PwC auditor reveals at Zondo inquiry SAA did not comply with public finance act
PwC auditor Pule Mothibe has conceded that the company misled the public by omitting to state in its audit report that SAA had not complied with the Public Finance Management Act (PFMA).
In his evidence to the commission of inquiry into state capture on Thursday, Mothibe said PwC had conducted an audit on SAA on behalf of SA's auditor-general.
The commission, chaired by deputy chief justice Raymond Zondo, was set up by the government in August 2018 to investigate allegations of state capture, corruption and fraud.
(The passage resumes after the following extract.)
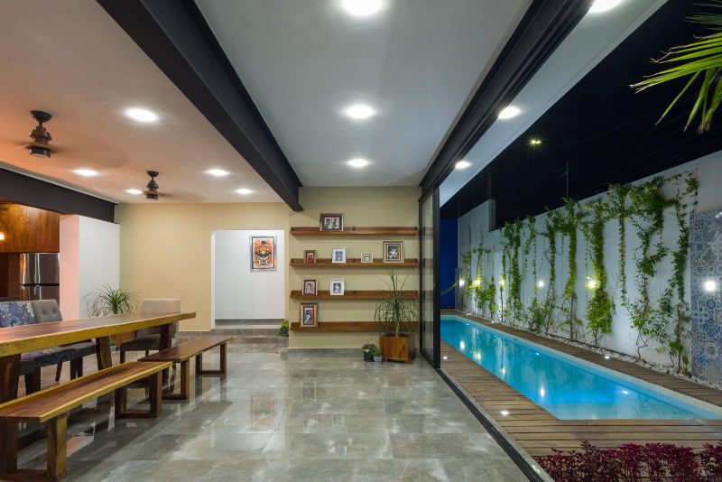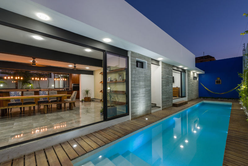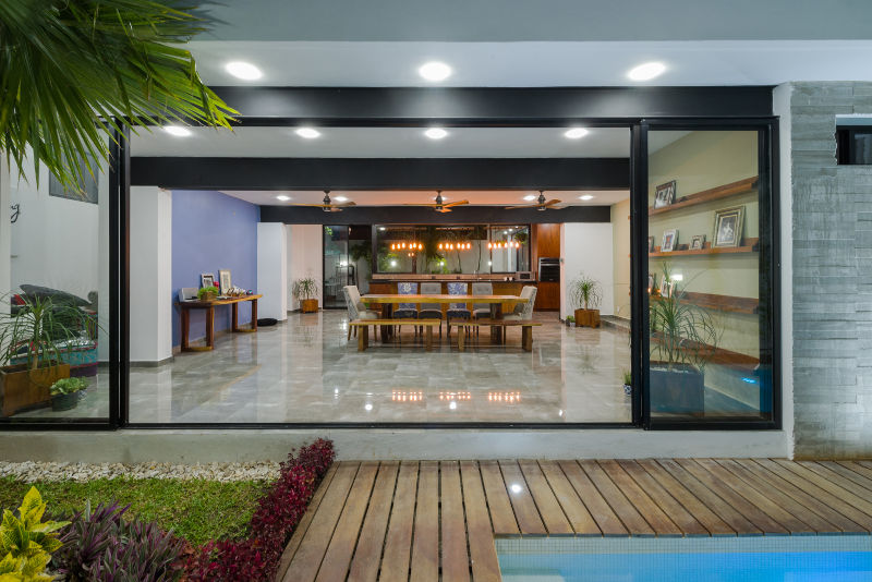 Jaime mengaplikasikan pintu geser yang lebar agar kolam renang dan ruang makan yang juga sudah luas dapat terhubung. Tanpa partisi yang berlebihan dengan kolam air membuat suasana lebih sejuk dan menyenangkan.

In setting up the Zondo commission, the president was implementing the recommendations in a report by then-public protector Thuli Madonsela after her investigation into state capture.
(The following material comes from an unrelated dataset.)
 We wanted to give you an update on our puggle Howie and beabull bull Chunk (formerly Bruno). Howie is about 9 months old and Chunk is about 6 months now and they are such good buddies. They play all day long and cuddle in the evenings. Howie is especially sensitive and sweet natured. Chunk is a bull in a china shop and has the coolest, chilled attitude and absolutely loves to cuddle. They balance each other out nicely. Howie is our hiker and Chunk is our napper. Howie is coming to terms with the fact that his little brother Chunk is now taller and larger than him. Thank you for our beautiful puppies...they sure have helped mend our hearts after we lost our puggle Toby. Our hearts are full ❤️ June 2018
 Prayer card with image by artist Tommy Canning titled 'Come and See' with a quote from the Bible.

“From the work we performed, we found deviations which we elevated to the audit committee,” Mothibe sad. He said there were files missing from the financial statements the airline provided.
“Where we could not be provided with files, we reported the matter to the audit committee.”
He conceded that without the files, they were not able to complete all the necessary steps in the audit.
In his evidence, Mothibe also admitted that in their audit report they did not mention that SAA had not complied with the PFMA.
“We considered all the evidence provided for audit purposes and applied judgment and at that stage, our view was that there was no material non-compliance,” Mothibe told the commission.
“We should have mentioned the non-compliance with the PFMA,” he said.
Mothibe reluctantly conceded that it was a dereliction of duty on the company's part that it did not mention the non-compliance in the audit report.
He preferred the use of the word “omission” instead of “dereliction of duty”.
“It was an omission, chair.”
Evidence leader Kate Hofmeyr put to Mothibe that “if you don’t focus on and perform your duty to the last step, then your audit opinion will be incorrect”. He conceded.
“We had raised non-compliance with the audit committee.... We erred in not informing the shareholders,” Mothibe said. “We do concede that was an error of judgment. We should have mentioned those instances,” he said.